Penulis Jlitheng
Perempuan lanjut usia yang sedang menuju antrian di mini market itu bernama Ibu Pertiwi. Ia tampak lelah ketika beringsut menuju antrian ke kasir. Kaki kirinya terasa sakit berjalan agak diseret.
Begitu tiba pada antrian, ia melihat seorang pria muda dengan tiga orang anak dan seorang istri yang sedang hamil tiba tepat bersamaan dengannya.
Perempuan sepuh itu tidak bisa melepaskan pandangannya dari tato di leher pria muda tersebut. Pasti ia pernah dipenjara, pikirnya.

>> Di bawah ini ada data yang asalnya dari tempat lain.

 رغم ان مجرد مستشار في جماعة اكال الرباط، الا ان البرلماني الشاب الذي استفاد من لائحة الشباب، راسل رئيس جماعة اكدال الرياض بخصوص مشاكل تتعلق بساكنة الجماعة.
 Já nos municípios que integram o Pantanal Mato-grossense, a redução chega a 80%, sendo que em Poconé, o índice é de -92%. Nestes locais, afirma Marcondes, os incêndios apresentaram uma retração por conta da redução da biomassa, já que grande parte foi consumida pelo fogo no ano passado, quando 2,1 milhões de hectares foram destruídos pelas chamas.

Ia terus memerhatikan penampilan lelaki itu. Blus kaus putihnya, rambut yabg dicukur pendek, dan celana jeans yang dikenakannya membuat perempuan itu sampai pada kesimpulan, ia pasti anggota gang.

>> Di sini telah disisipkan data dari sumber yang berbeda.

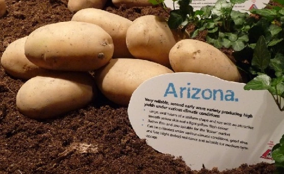 Аризона.  Высокоурожайный ранний сорт столового назначения, с большими, привлекательными клубнями, которые имеют хорошие вкусовые качества.            Надежно обеспечивает формирование высокого урожая в стрессовых условиях. Устойчив к высоким температурам воздуха и почвы во время вегетации. Клубни хорошо хранятся. Имеет высокую устойчивость к вирусным заболеваниям. Весьма чувствителен к метрибузину.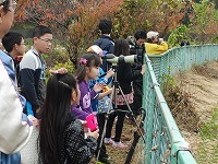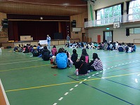 今回は体育館でドミノを使った遊びと校下でのバードウォッチングを行いました。あいにく

Ibu Pertiwi, perempuan lanjut usia itu, membiarkan pria muda mengambil tempat di depan dia.
“Silakan Anda lebih dulu,” kata wanita (tu.

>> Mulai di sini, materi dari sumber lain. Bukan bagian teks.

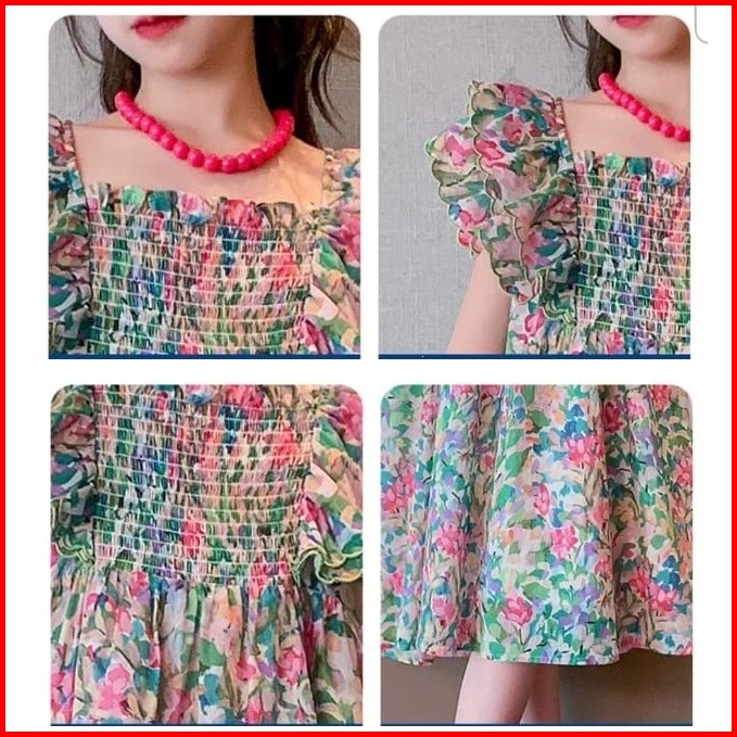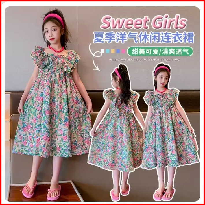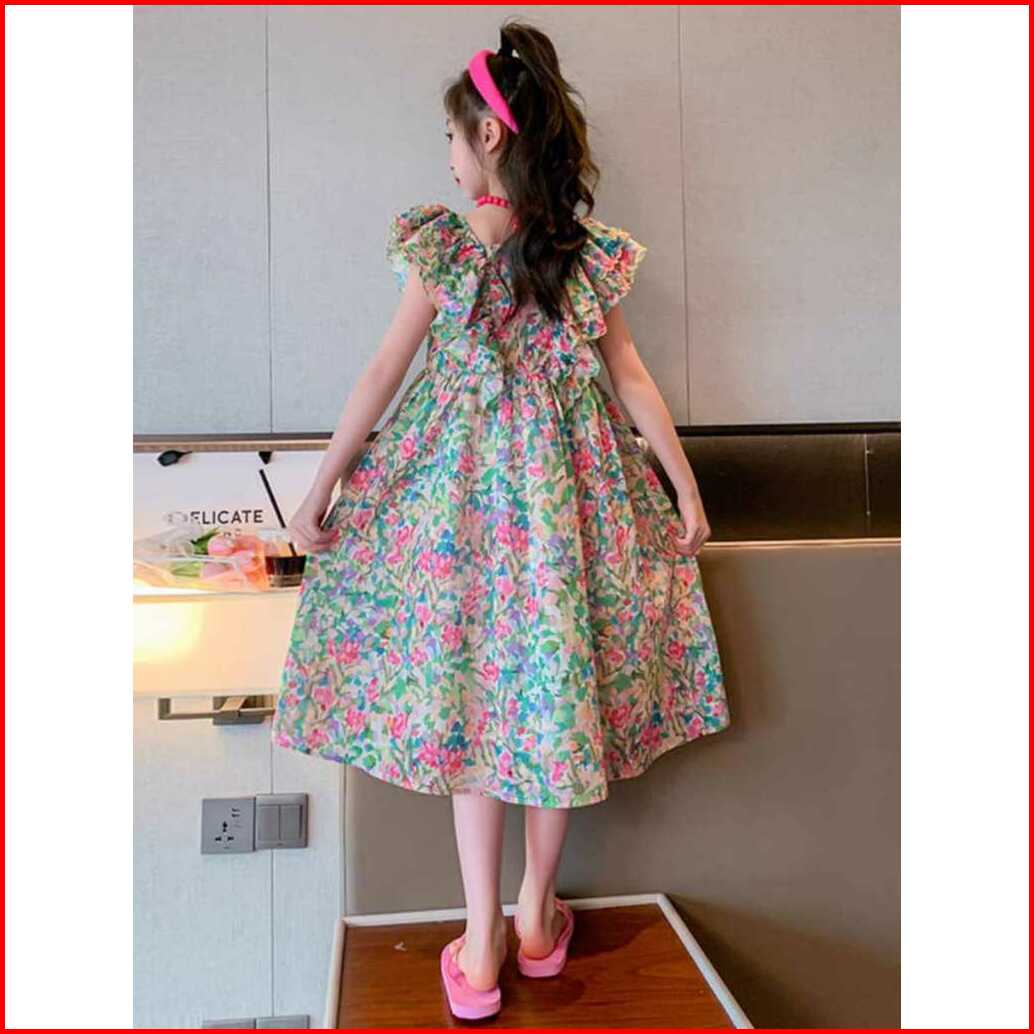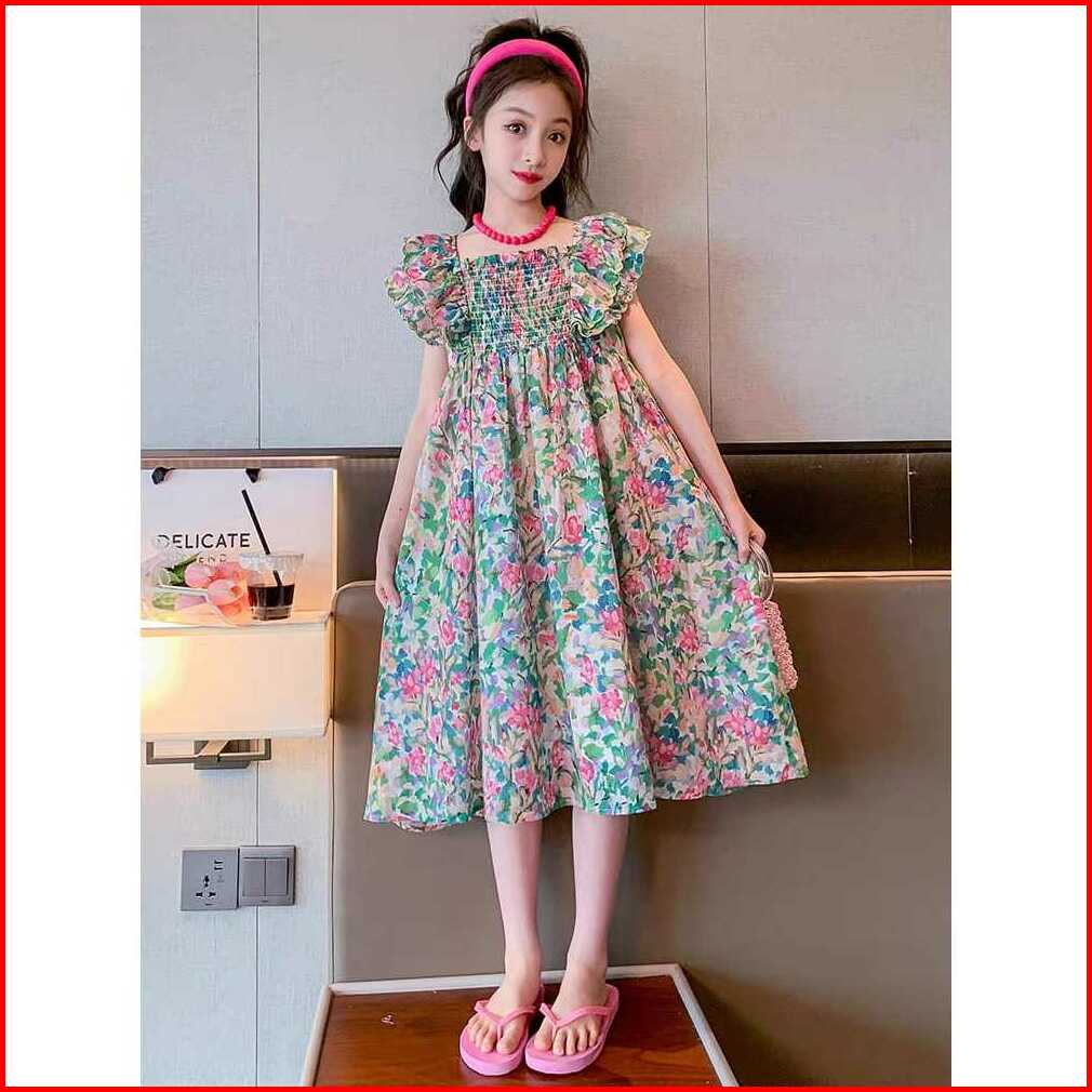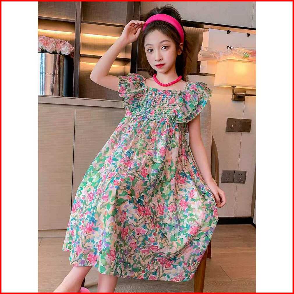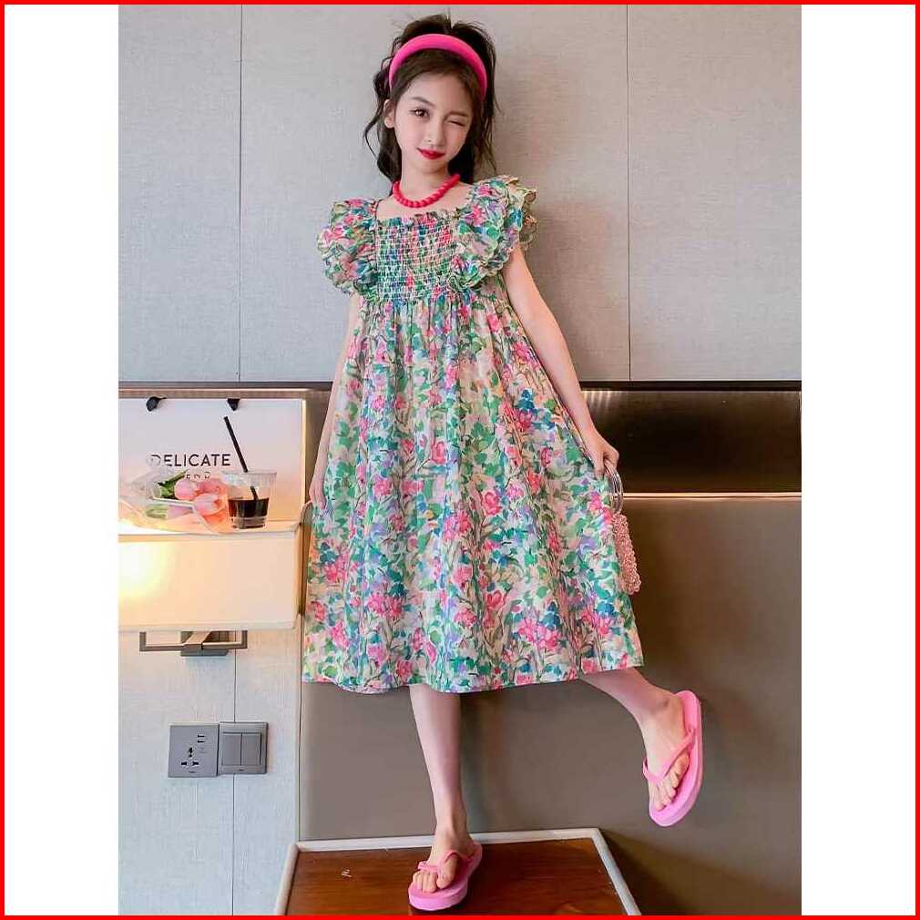 Dr39 Dress Anak Perempuan Besar Tanggung Remaja Katun Bunga2 Model Lengan Ruffle

“Tidak, Ibu yang lebih dahulu,” balas pria itu.
“Ayo silakan, Anda tidak sendirian,” sahut Ibu Pertiwi.
“Kami, yang muda, harus hormat kepada yang lebih tua,” tegas lelaki muda itu.
Bersamaan dengan itu, dia menggerakkan tangannya, menyilakan perempuan sepuh itu mengambil tempat di depan.
Seulas senyum tergurat di bibir Ibu Pertiwi ketika ia lewat di depan lelaki muda itu. Sebagai seorang yang berjiwa pendidik (rupanya dulu seorang guru), ia tidak dapat melewatkan kejadian istimewa ini sehingga ia berpaling ke belakang dan bertanya, “Anda sopan sekali anak muda, siapa yang mengajari sikap itu kepada Anda?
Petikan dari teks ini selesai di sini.